Cooking Dave’s Fried Turkey Wings

Here’s a homemade recipe I’ve developed. When we started selling ground turkey, we used to have a problem selling all the turkey wings. The wing flats are too fiddly to be deboned and ground, so the butcher would pack them up separately. Not too many customers were experienced with turkey wings so that first year we ended up eating most of them ourselves. Since then, we’ve connected with more people who want turkey wings, so we aren’t eating them out of necessity. Now we eat them for the pleasure of doing so.

We love a meal that’s been deep fried in good lard. So that got me thinking about frying them. I found there were two major obstacles to making a knockout fried turkey wing, but once I worked my way past them I discovered one of my favorite foods.

The first challenge was dietary. There are two people in our family who are allergic to dairy. The all-time great fried poultry recipes use a buttermilk brine before cooking. As I cast about for ideas, I thought about our fermented dill and garlic pickles we make every year. Our pickle brine has lactic acid like buttermilk, plus it already has the salt needed for brining. The flavor profile for pickle brined turkey wings is different than any other fried chicken or turkey I’ve eaten, but I find it to be a great fit. Note: I think this could also work for other fermented foods, like sauerkraut or kimchi brine, though I haven’t tried those variations. There’s room for further exploration!

The second challenge was procedural. Our deep fryer setup is a cast iron pot of lard set over a portable propane heater in the garage. Achieving a closely regulated temperature is tricky. I found that going straight from raw to cooked in the fryer wasn’t working well. By the time I had the core up to temperature the outside was often overdone. The insight there was that I could partially boil my turkey wings in their brine, and then put them in the fryer. Because our brine has high salinity and it contains chicken stock, the boiling process doesn’t wash out the flavor of the wings.

Fried Turkey Wings

A favorite meal at our farm – crispy skin and tender white meat.
Course: Main Course
Cuisine: American
Servings: 4 people
Author: Dave Perozzi


  • 8 turkey wings
  • 1 quart lard or tallow for frying

Marinade Ingredients

  • 1 quart chicken stock, no salt
  • quarts dill pickle brine (use real fermented pickle brine if you have it)
  • ¼ cup white vinegar


  • Place wings in a container with the marinade ingredients (chicken stock, dill pickle brine, and vinegar). Refrigerate and keep overnight.
  • Transfer wings and the marinade into a large stock pot. If the marinade doesn't cover the wings, add water until the wings are slightly submerged.
  • Bring wings to a boil and allow to boil for 3 minutes. Pour out liquid contents and set wings aside.
  • Fill your deep fryer with lard or tallow and heat to 300 to 350 degrees.
  • Fry wings in batches until the skin reaches a deep brown color. Remove from fryer and set wings on a rack allow any residual oil to drain off. After sitting for a few minutes, the skin should have a dry crust. If the wings haven't reached the right level of crunchiness, place them back in the hot oil for an extra minute or two.
  • Serve wings with your favorite hot sauce and a creamy dressing like blue cheese or ranch.

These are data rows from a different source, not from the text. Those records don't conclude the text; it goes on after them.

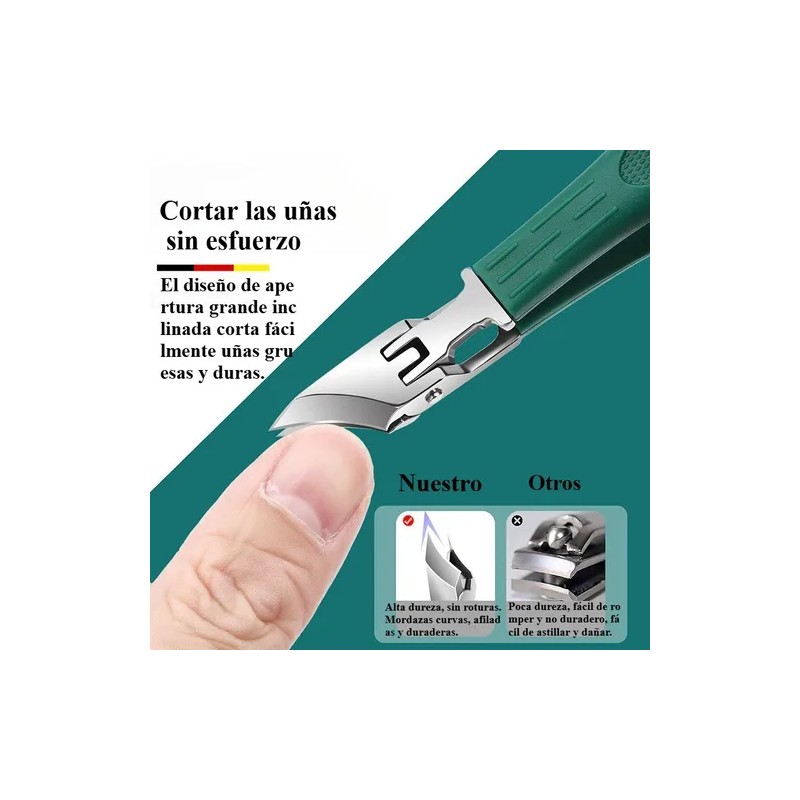 - Una sola pieza antisalpicaduras: recoge automáticamente los recortes de uñas sin que salgan volando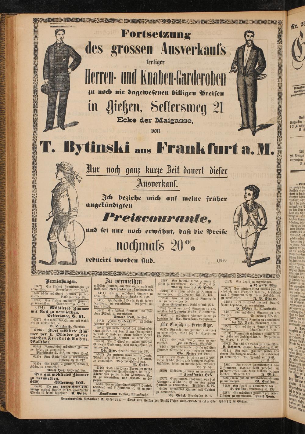 6082) Ein schönes Logis zu vermietheu L Schmitt, Glaser, Canzleiberg B. 67. , 6141) Ein möbl. Zimmer, seither von einem Einjährigen bewohnt, ist anderweit zu vermiethen. Auf Wunsch mit Kost. _______________ Lit- A. 17.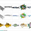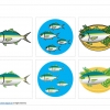 鰯、イワシのイラスト、かごに入ったイワシのイラスト、集団で泳ぐイワシ、フチ有りフチ無しなど6種類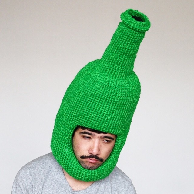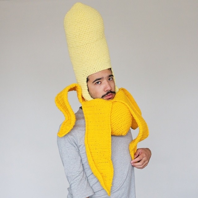 Devasa örgü şapkaların ortasındaki delikten kafanızı sokuyorsunuz ve bir elma-adama ya da donut- kadına dönüşüyorsunuz. Sadece şapkalar değil, fotoğraflarda şapkalarla poz veren Ferguson’un yüz ifadeleri de ayrıca eğlenceli.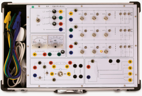 电工技术实验箱主要是进行电工学及电路原理中的强电部分实验,如单相交流电路、三相电路、日光灯电路实验。本实验箱由模块单元和元件库相结合的板面构成,全部采用欧洲标准的安全插座和安全实验导线,连线方便,接触可靠,而且寿命长、效率高,有效预防触电隐患。实验面板上印有元件符号及主要参数便于学生识别。实验箱结构紧凑实用直观,安全可靠,能有效培养学生的动手能力,维修方便、简捷。可满足各类高、中等院校及职业技术类院校开设的电工典型实验。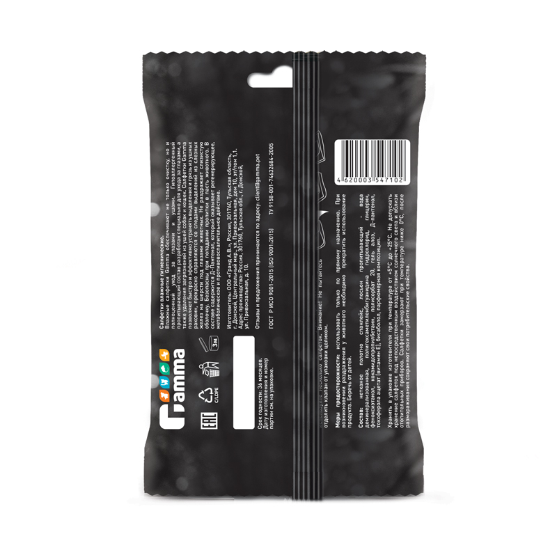 Салфетки влажные "Уход за лапами", 150*160мм, Gamma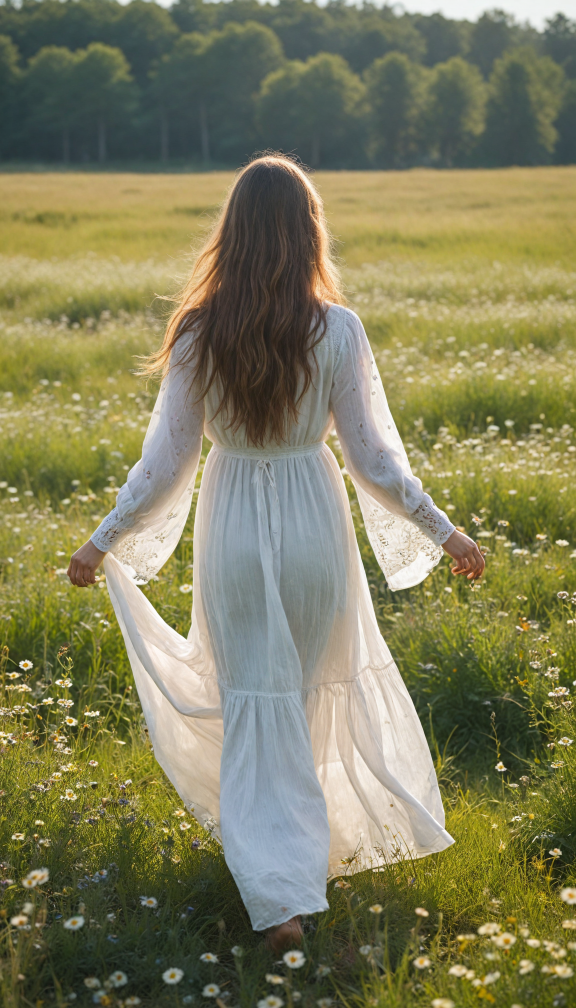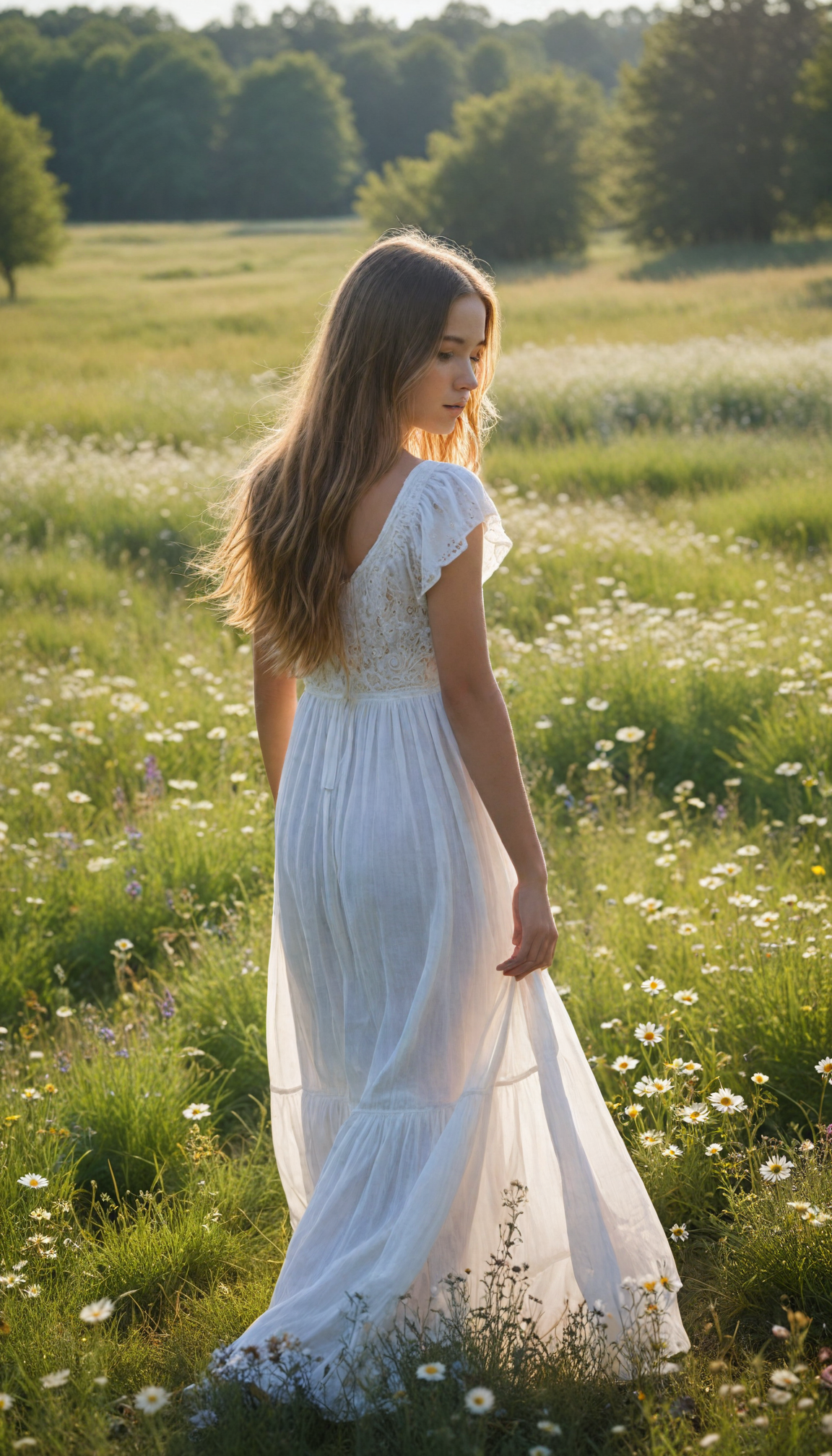 a young girl with soft long straight hair cascading down her back, stands in front of viewer in a sun-drenched meadow filled with wildflowers. The scene is infused with an ethereal glow, reminiscent of a dreamy impressionist painting. The girl wears a flowing white dress.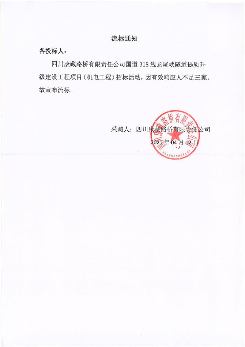 四川康藏路橋有限責(zé)任公司國道318線龍尾峽隧道提質(zhì)升級(jí)建設(shè)工程項(xiàng)目(機(jī)電工程)流標(biāo)通知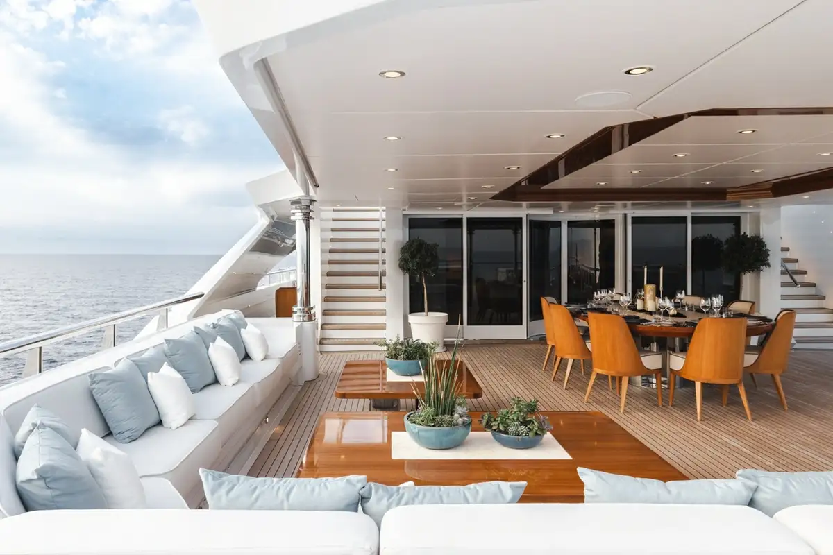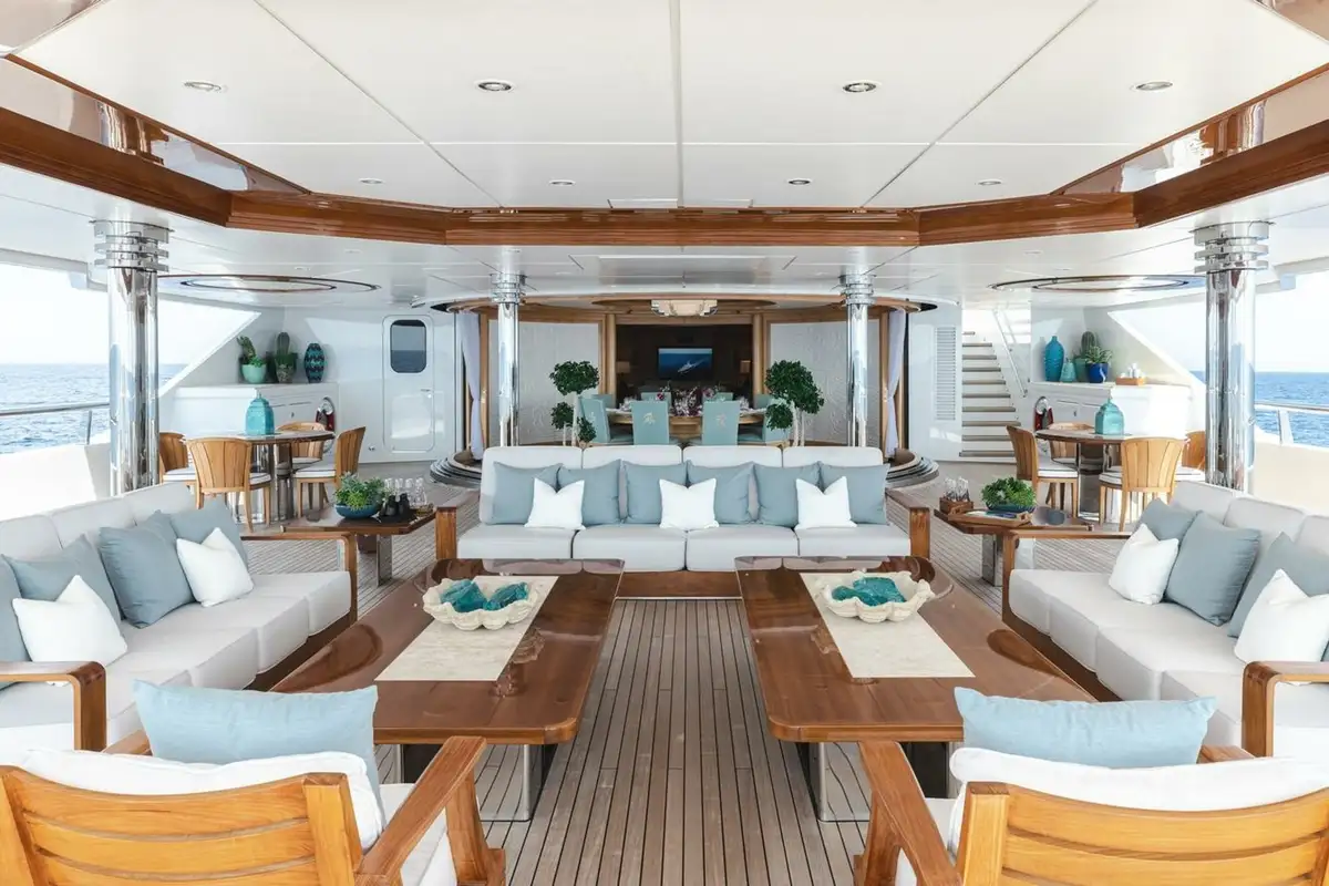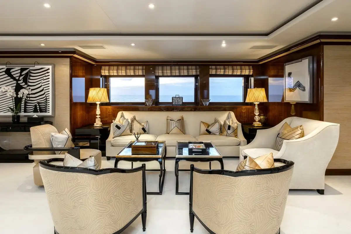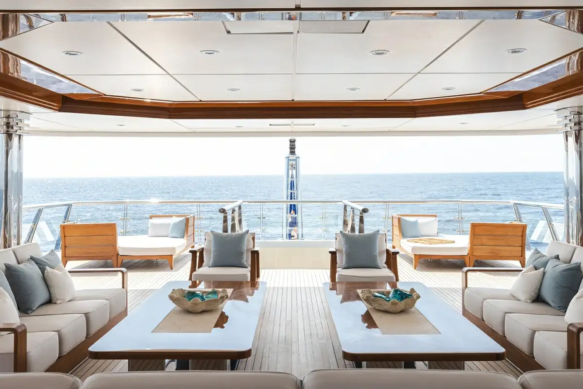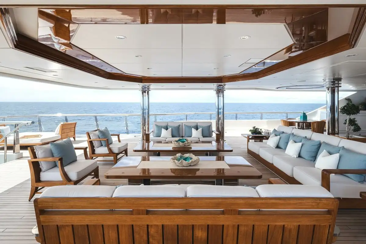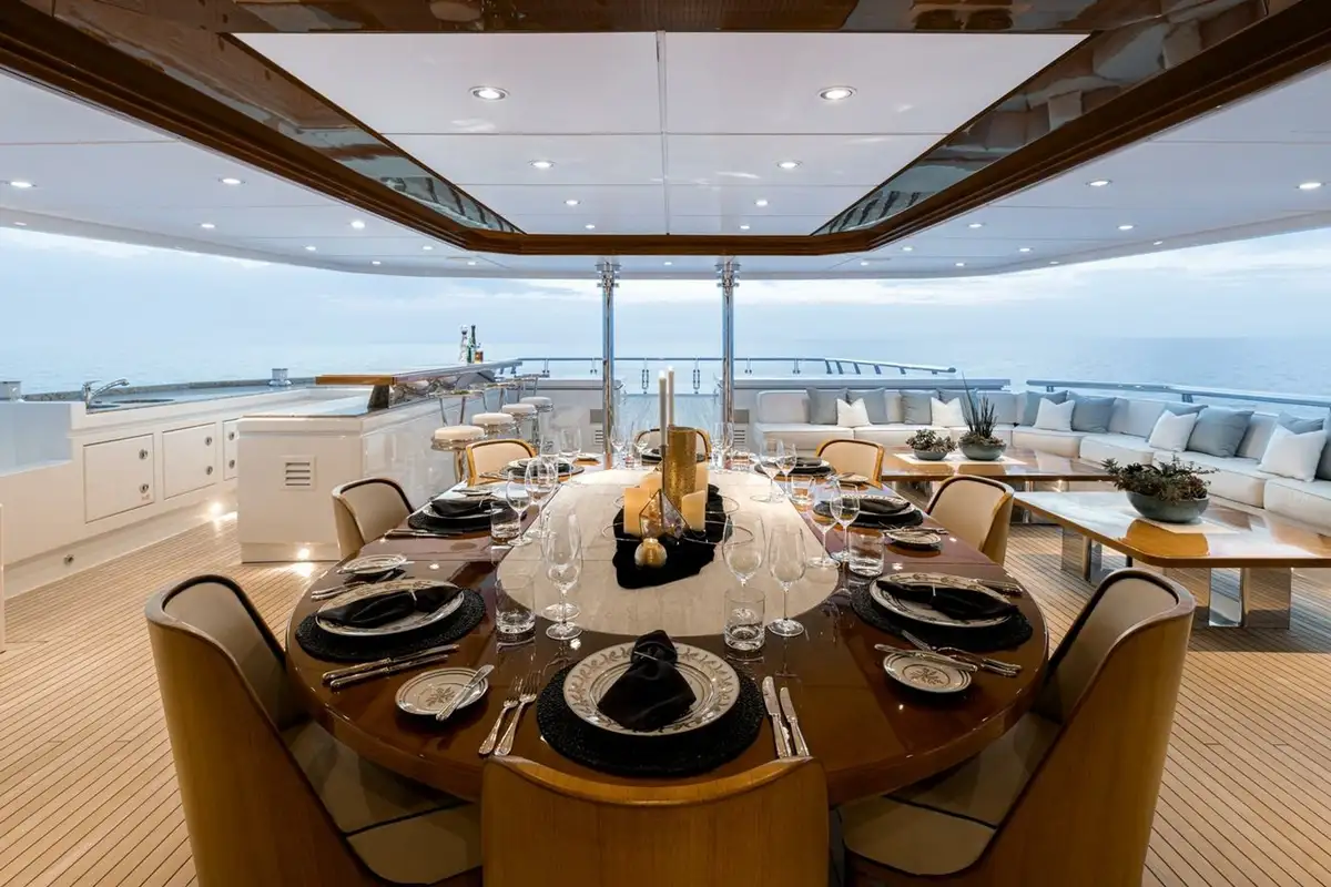 The bridge deck sky lounge has light wood panelling with marquetry and relaxed sofa seating. The upper deck is an entertainment space with convivial lounge seating and a piano in the lounge and a circular dining table for 20 guests with stunning views through a semi-circle of sliding glass doors, opening onto the upper deck aft.

2 thoughts on “Cooking Dave’s Fried Turkey Wings”

  1. What if you don’t have pickles?
    I’m not buying pickles just to use the brine, because what do you do with the pickles then?
    Can you share a recipe for just the brine?

    1. I’m not sure you can get the brine without buying the pickles. But maybe there’s an opportunity for an enterprising person to sell pickle-free pickle brine. Sounds unappealing to me, but there are people who buy meat-free meat, milk-free milk, and even non-alcoholic whiskey, so who knows?